INSTRUCTIONS FOR THE TASK:
Please restate every record below word for word.
--- START ---
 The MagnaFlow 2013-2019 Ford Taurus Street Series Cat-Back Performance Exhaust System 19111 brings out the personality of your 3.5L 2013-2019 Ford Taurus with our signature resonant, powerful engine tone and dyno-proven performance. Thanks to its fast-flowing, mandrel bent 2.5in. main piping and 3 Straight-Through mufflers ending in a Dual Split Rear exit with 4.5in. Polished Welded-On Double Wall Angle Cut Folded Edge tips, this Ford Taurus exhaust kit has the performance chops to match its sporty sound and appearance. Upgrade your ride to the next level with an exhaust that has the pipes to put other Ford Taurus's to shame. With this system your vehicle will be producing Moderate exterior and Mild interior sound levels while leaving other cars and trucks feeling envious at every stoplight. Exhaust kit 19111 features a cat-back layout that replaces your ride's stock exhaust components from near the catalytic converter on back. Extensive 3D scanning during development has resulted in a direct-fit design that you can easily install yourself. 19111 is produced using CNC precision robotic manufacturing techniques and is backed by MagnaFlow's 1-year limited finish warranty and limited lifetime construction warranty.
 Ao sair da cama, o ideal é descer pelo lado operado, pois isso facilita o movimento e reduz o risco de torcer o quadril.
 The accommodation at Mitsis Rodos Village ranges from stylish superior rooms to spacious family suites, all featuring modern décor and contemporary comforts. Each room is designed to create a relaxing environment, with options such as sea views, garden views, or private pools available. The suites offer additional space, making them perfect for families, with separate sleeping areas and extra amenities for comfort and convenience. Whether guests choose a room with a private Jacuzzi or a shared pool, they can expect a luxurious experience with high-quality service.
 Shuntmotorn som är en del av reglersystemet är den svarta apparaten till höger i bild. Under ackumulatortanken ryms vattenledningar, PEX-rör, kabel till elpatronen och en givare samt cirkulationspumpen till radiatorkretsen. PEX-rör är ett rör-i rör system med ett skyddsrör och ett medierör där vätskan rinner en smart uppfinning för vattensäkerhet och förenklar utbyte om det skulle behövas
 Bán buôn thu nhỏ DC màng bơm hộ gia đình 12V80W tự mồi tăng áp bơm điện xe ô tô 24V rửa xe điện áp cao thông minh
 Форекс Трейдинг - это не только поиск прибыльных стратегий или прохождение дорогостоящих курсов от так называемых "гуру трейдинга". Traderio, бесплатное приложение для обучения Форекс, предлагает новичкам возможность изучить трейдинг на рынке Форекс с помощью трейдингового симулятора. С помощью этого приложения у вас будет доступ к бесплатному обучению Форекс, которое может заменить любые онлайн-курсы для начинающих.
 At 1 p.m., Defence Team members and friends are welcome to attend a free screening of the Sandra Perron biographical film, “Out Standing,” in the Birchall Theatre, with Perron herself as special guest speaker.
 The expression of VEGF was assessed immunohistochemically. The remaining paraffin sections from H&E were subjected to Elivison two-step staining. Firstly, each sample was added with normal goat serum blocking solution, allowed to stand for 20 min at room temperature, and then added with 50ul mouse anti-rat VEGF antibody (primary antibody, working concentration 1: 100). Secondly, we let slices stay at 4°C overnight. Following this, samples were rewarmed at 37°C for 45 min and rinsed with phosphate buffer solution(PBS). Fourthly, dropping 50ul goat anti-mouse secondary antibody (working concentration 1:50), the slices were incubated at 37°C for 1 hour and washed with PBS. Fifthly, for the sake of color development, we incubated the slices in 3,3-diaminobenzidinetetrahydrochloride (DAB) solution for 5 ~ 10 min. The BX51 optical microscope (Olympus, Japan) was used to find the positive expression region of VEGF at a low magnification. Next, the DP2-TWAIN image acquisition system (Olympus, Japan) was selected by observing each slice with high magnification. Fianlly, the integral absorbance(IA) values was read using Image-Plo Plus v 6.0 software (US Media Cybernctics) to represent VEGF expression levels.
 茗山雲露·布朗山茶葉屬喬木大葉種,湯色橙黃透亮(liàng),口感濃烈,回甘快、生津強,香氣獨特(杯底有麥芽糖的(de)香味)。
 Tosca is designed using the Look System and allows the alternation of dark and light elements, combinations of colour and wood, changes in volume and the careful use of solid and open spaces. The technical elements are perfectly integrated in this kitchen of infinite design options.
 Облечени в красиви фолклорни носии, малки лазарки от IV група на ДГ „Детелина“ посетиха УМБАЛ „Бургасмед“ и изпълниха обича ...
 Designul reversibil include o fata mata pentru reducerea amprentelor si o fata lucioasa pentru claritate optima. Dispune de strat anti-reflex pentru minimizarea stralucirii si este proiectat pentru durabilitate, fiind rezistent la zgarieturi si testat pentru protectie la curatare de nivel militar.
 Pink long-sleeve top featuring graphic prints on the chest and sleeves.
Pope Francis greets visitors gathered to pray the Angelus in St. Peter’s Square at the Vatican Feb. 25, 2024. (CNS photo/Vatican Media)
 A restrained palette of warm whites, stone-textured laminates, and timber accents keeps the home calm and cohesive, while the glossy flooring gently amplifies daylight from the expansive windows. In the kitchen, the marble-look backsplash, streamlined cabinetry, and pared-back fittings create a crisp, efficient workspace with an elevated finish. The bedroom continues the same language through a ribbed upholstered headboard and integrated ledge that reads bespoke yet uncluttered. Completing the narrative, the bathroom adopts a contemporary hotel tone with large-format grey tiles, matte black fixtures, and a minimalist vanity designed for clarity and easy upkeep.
--- END ---
EXERCISE SOLUTION:
 The MagnaFlow 2013-2019 Ford Taurus Street Series Cat-Back Performance Exhaust System 19111 brings out the personality of your 3.5L 2013-2019 Ford Taurus with our signature resonant, powerful engine tone and dyno-proven performance. Thanks to its fast-flowing, mandrel bent 2.5in. main piping and 3 Straight-Through mufflers ending in a Dual Split Rear exit with 4.5in. Polished Welded-On Double Wall Angle Cut Folded Edge tips, this Ford Taurus exhaust kit has the performance chops to match its sporty sound and appearance. Upgrade your ride to the next level with an exhaust that has the pipes to put other Ford Taurus's to shame. With this system your vehicle will be producing Moderate exterior and Mild interior sound levels while leaving other cars and trucks feeling envious at every stoplight. Exhaust kit 19111 features a cat-back layout that replaces your ride's stock exhaust components from near the catalytic converter on back. Extensive 3D scanning during development has resulted in a direct-fit design that you can easily install yourself. 19111 is produced using CNC precision robotic manufacturing techniques and is backed by MagnaFlow's 1-year limited finish warranty and limited lifetime construction warranty.
 Ao sair da cama, o ideal é descer pelo lado operado, pois isso facilita o movimento e reduz o risco de torcer o quadril.
 The accommodation at Mitsis Rodos Village ranges from stylish superior rooms to spacious family suites, all featuring modern décor and contemporary comforts. Each room is designed to create a relaxing environment, with options such as sea views, garden views, or private pools available. The suites offer additional space, making them perfect for families, with separate sleeping areas and extra amenities for comfort and convenience. Whether guests choose a room with a private Jacuzzi or a shared pool, they can expect a luxurious experience with high-quality service.
 Shuntmotorn som är en del av reglersystemet är den svarta apparaten till höger i bild. Under ackumulatortanken ryms vattenledningar, PEX-rör, kabel till elpatronen och en givare samt cirkulationspumpen till radiatorkretsen. PEX-rör är ett rör-i rör system med ett skyddsrör och ett medierör där vätskan rinner en smart uppfinning för vattensäkerhet och förenklar utbyte om det skulle behövas
 Bán buôn thu nhỏ DC màng bơm hộ gia đình 12V80W tự mồi tăng áp bơm điện xe ô tô 24V rửa xe điện áp cao thông minh
 Форекс Трейдинг - это не только поиск прибыльных стратегий или прохождение дорогостоящих курсов от так называемых "гуру трейдинга". Traderio, бесплатное приложение для обучения Форекс, предлагает новичкам возможность изучить трейдинг на рынке Форекс с помощью трейдингового симулятора. С помощью этого приложения у вас будет доступ к бесплатному обучению Форекс, которое может заменить любые онлайн-курсы для начинающих.
 At 1 p.m., Defence Team members and friends are welcome to attend a free screening of the Sandra Perron biographical film, “Out Standing,” in the Birchall Theatre, with Perron herself as special guest speaker.
 The expression of VEGF was assessed immunohistochemically. The remaining paraffin sections from H&E were subjected to Elivison two-step staining. Firstly, each sample was added with normal goat serum blocking solution, allowed to stand for 20 min at room temperature, and then added with 50ul mouse anti-rat VEGF antibody (primary antibody, working concentration 1: 100). Secondly, we let slices stay at 4°C overnight. Following this, samples were rewarmed at 37°C for 45 min and rinsed with phosphate buffer solution(PBS). Fourthly, dropping 50ul goat anti-mouse secondary antibody (working concentration 1:50), the slices were incubated at 37°C for 1 hour and washed with PBS. Fifthly, for the sake of color development, we incubated the slices in 3,3-diaminobenzidinetetrahydrochloride (DAB) solution for 5 ~ 10 min. The BX51 optical microscope (Olympus, Japan) was used to find the positive expression region of VEGF at a low magnification. Next, the DP2-TWAIN image acquisition system (Olympus, Japan) was selected by observing each slice with high magnification. Fianlly, the integral absorbance(IA) values was read using Image-Plo Plus v 6.0 software (US Media Cybernctics) to represent VEGF expression levels.
 茗山雲露·布朗山茶葉屬喬木大葉種,湯色橙黃透亮(liàng),口感濃烈,回甘快、生津強,香氣獨特(杯底有麥芽糖的(de)香味)。
 Tosca is designed using the Look System and allows the alternation of dark and light elements, combinations of colour and wood, changes in volume and the careful use of solid and open spaces. The technical elements are perfectly integrated in this kitchen of infinite design options.
 Облечени в красиви фолклорни носии, малки лазарки от IV група на ДГ „Детелина“ посетиха УМБАЛ „Бургасмед“ и изпълниха обича ...
 Designul reversibil include o fata mata pentru reducerea amprentelor si o fata lucioasa pentru claritate optima. Dispune de strat anti-reflex pentru minimizarea stralucirii si este proiectat pentru durabilitate, fiind rezistent la zgarieturi si testat pentru protectie la curatare de nivel militar.
 Pink long-sleeve top featuring graphic prints on the chest and sleeves.
Pope Francis greets visitors gathered to pray the Angelus in St. Peter’s Square at the Vatican Feb. 25, 2024. (CNS photo/Vatican Media)
 A restrained palette of warm whites, stone-textured laminates, and timber accents keeps the home calm and cohesive, while the glossy flooring gently amplifies daylight from the expansive windows. In the kitchen, the marble-look backsplash, streamlined cabinetry, and pared-back fittings create a crisp, efficient workspace with an elevated finish. The bedroom continues the same language through a ribbed upholstered headboard and integrated ledge that reads bespoke yet uncluttered. Completing the narrative, the bathroom adopts a contemporary hotel tone with large-format grey tiles, matte black fixtures, and a minimalist vanity designed for clarity and easy upkeep.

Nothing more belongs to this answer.